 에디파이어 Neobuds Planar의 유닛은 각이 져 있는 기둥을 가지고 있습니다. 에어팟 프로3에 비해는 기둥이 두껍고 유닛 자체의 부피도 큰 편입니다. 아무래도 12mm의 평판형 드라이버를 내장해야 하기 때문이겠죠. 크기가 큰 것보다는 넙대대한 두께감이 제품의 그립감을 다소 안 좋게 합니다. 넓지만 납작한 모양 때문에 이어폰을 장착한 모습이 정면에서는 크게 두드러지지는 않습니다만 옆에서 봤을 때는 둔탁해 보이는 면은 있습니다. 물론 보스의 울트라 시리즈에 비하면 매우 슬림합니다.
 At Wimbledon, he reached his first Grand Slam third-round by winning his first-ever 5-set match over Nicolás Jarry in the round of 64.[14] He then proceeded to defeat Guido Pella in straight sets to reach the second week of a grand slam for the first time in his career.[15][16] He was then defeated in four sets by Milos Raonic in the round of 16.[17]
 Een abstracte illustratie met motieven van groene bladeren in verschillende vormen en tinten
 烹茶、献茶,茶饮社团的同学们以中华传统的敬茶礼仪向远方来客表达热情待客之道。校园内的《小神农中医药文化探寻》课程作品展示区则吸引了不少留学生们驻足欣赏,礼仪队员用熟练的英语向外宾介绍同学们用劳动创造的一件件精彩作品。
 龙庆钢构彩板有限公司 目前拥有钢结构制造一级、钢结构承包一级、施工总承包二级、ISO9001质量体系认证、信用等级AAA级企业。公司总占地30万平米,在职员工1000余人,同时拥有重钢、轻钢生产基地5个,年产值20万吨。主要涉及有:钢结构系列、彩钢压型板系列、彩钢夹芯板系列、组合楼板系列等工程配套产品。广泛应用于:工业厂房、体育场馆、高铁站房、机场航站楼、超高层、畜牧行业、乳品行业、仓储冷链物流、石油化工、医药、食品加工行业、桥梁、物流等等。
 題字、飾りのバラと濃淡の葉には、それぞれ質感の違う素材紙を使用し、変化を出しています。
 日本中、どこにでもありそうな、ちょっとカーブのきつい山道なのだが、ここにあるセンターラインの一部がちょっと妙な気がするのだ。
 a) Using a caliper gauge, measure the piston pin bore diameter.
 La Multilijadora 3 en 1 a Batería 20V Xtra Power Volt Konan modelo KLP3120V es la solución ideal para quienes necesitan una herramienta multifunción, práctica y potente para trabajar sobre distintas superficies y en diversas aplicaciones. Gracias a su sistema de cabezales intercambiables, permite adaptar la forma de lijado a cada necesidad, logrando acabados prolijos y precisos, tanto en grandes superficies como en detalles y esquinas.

◆ EXERCISE DIRECTIONS ◆
Could you output the lines above, exactly as written, from the one containing "烹茶、献茶,茶饮社团的同学们" through the last, with both ends included and no others?

◆ WRITTEN RESPONSE ◆
 烹茶、献茶,茶饮社团的同学们以中华传统的敬茶礼仪向远方来客表达热情待客之道。校园内的《小神农中医药文化探寻》课程作品展示区则吸引了不少留学生们驻足欣赏,礼仪队员用熟练的英语向外宾介绍同学们用劳动创造的一件件精彩作品。
 龙庆钢构彩板有限公司 目前拥有钢结构制造一级、钢结构承包一级、施工总承包二级、ISO9001质量体系认证、信用等级AAA级企业。公司总占地30万平米,在职员工1000余人,同时拥有重钢、轻钢生产基地5个,年产值20万吨。主要涉及有:钢结构系列、彩钢压型板系列、彩钢夹芯板系列、组合楼板系列等工程配套产品。广泛应用于:工业厂房、体育场馆、高铁站房、机场航站楼、超高层、畜牧行业、乳品行业、仓储冷链物流、石油化工、医药、食品加工行业、桥梁、物流等等。
 題字、飾りのバラと濃淡の葉には、それぞれ質感の違う素材紙を使用し、変化を出しています。
 日本中、どこにでもありそうな、ちょっとカーブのきつい山道なのだが、ここにあるセンターラインの一部がちょっと妙な気がするのだ。
 a) Using a caliper gauge, measure the piston pin bore diameter.
 La Multilijadora 3 en 1 a Batería 20V Xtra Power Volt Konan modelo KLP3120V es la solución ideal para quienes necesitan una herramienta multifunción, práctica y potente para trabajar sobre distintas superficies y en diversas aplicaciones. Gracias a su sistema de cabezales intercambiables, permite adaptar la forma de lijado a cada necesidad, logrando acabados prolijos y precisos, tanto en grandes superficies como en detalles y esquinas.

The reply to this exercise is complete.